# Weltmeister stella, ремонт, прошу помощи



## mamaya777 (22 Сен 2016)

Добрый день, уважаемые! В аккордеоне weltmeister stella обнаружил такую вот картину - отрыв 5-ти деталей. Стыдно, но даже названия их не знаю. Как самому восстановить функциональность инструмента? Оторванные детали одинаковые ли, т.е. любую из них можно крепить к любому из 5-ти отверстий или есть последовательность? Есть у деталей верх и низ, или нет разницы? Если здесь нет специалиста, сообщите, пожалуйста, сайт где смогут подсказать.


----------



## Kuzalogly (22 Сен 2016)

Специалисты тут, конечно, есть. Есть даже простые любители.

Беда Ваша называется "Посыпались голосовые планки из-за старения мастики". Прилепить уже отвалившиеся- не спасёт.

Нужно перезаливать ВСЕ планки ВСЕХ резонаторов, с переклейкой залогов и подстройкой голосов. Ибо возраст инструмента и качество тогдашней мастики привели к тому, что мы видим. 

По минимуму- это три полных рабочих дня квалифицированного человека, и совсем немного денег. Тыщ 5... В столице- дороже, в деревне- дешевле.


----------



## mamaya777 (22 Сен 2016)

Благодарю что отозвались! Немного стало ясно. Что мастер нужен - понимаю, но надо мне устранить ИМЕЮЩИЕСЯ недостатки хотя бы на время. Дальше будет понятно, нужно вкладываться ли в ремонт. На вопросы Вы так и не ответили, к сожалению. Верх и низ 4-х из 5-ти деталей смог определить по остаткам клея. Остальное неизвестно. Поэтому и прошу помощи. У меня визуально создалось впечатление, что эти детали одинаковые(может просто играют роль перепускных клапанов?) Плохо, что приходиться гадать...


----------



## Kuzalogly (22 Сен 2016)

mamaya777/ писал:


> 1. надо мне устранить ИМЕЮЩИЕСЯ недостатки хотя бы на время.
> 2. создалось впечатление, что может просто играют роль перепускных клапанов?)
> 3. Плохо, что приходиться гадать...


1. Как? Ну вот скажите - КАК? Прилепить отвалившиеся детали оконной замазкой в любое место?
2. Пиколки отвалились. Остальные планки тоже скоро отвалятся. Какие клапана? Какие перепускные? Вы что?
3. Гадать не надо. Ремонт аккордеона достаточно сложен и требует опыта.
Не обижайтесь. Вы ждали совета типа "взять отвёртку №4 и ткнуть в шуруп №7"? Так не бывает...

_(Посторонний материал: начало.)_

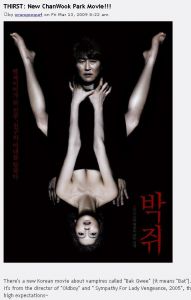 The new film is greatly awaited by fans of the director. This poster has Song Kang-ho wearing a priest's costume and Kim Ok-vin is hanging onto him upside down as if she were a bat!
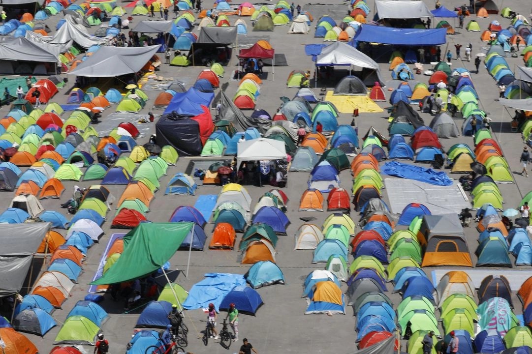 En un mitin, luego de una marcha que partió de las inmediaciones de San Lázaro y arribó a la esquina de 20 de Noviembre y Venustiano Carranza, debido a que cientos de casas de campaña se instalaron en la plancha del zócalo capitalino y en sus calles aledañas, la dirigencia nacional de la CNTE llamó al magisterio nacional a mantenerse movilizados en la capital del país y en sus estados.
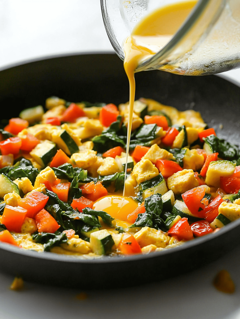 Pour the beaten eggs evenly over the sautéed vegetables in the skillet. Give it a gentle stir to distribute everything evenly.

П.С. Кажется, я понял в чём дело. Вы хотите неисправный инструмент продать?  Устранив явные косяки и написав в объявлении "Аккордеон как новый."?  То есть играть- не надо, настраивать- не надо. Надо впарить покупателю как исправный?


----------



## mamaya777 (22 Сен 2016)

Kuzalogly, спасибо! Так вот как они называются - пиколки. Ни в коем случае не обижаюсь. Догадываюсь что всё это может оказаться совсем не просто. Интересно и есть желание понять что к чему в данном случае... Клеить надо на состав на основе воска, не уверен еще что так, но с этим можно разбираться, не привыкать к сложностям. А вот как определить(есть ли методика?), какая из оторванных деталей(пиколок) и  какое из  отверстий перекрывает?  Как понял из Вашего ответа, они разные, к огромному сожалению.
П.С. Если бы я его хотел сразу продать, то продал бы уже, а не ломал бы голову.


----------



## Kuzalogly (22 Сен 2016)

А, так Вы решили стать мастером?
Берём резонатор с отвалившейся планкой. Ставим на дувачку. Продуваем. Подбираем в аккорд одну из отвалившихся планок. Помечаем. Убираем с посадочной плоскости старую мастику. Греем свою мастику. Она у Вас, конечно, есть... Заливаем планку на место. Берём подголосники и алмазные надфили. Подстраиваем планку в аккорд. Чистим голосовые проёмы, регулируем поднятие язычков над плоскостями. Если ответ слабый- производим сбивку проёма. Не забываем про лайки залоговые, всё перекатываем и переклеиваем. Ставим резонатор в полукорпус, всё собираем. Слушаем. Проверяем тюнером. Опять всё разбираем и корректируем подстройку язычков залитой планки. Опять всё собираем. Ничего сложного.


----------



## mamaya777 (22 Сен 2016)

Хороший ответ, хоть и с некоторой издевкой.  Мастика здесь - не самое сложное. А вот от остального - действительно завис  Почитаю нужную литературу. 
Благодарю!
П.С. Или, действительно, позже продам, не буду париться. Но не так как Вы "советуете" - "Аккордеон как новый", хоть он почти так и выглядит, а под восстановление или на запчасти.


----------



## glory (23 Сен 2016)

;)
Будет ли уместно в этой ситуации процитировать Шопенгауэра?©


----------



## mamaya777 (23 Сен 2016)

Нет необходимости. Наступило утро, пришло просветление, все осознал


----------



## mamaya777 (24 Сен 2016)

Неисправность устранили = 500руб.Позже отдам аккордеон на профилактику и т.д. Тему можно закрыть


----------



## Kuzalogly (24 Сен 2016)

mamaya777 писал:


> Неисправность устранили


За такую заливку планок я б убил...


----------



## mamaya777 (24 Сен 2016)

Увы, что-то такое я и предполагал услышать вскрыв дома инструмент, для этого и выложил фото. Может быть Вы хоть теперь поймете, почему у меня было желание выполнить ремонт самому...


----------



## Kuzalogly (24 Сен 2016)

mamaya777 писал:


> Увы, что-то такое я и предполагал услышать вскрыв дома инструмент, для этого и выложил фото. Может быть Вы хоть теперь поймете, почему у меня было желание выполнить ремонт самому...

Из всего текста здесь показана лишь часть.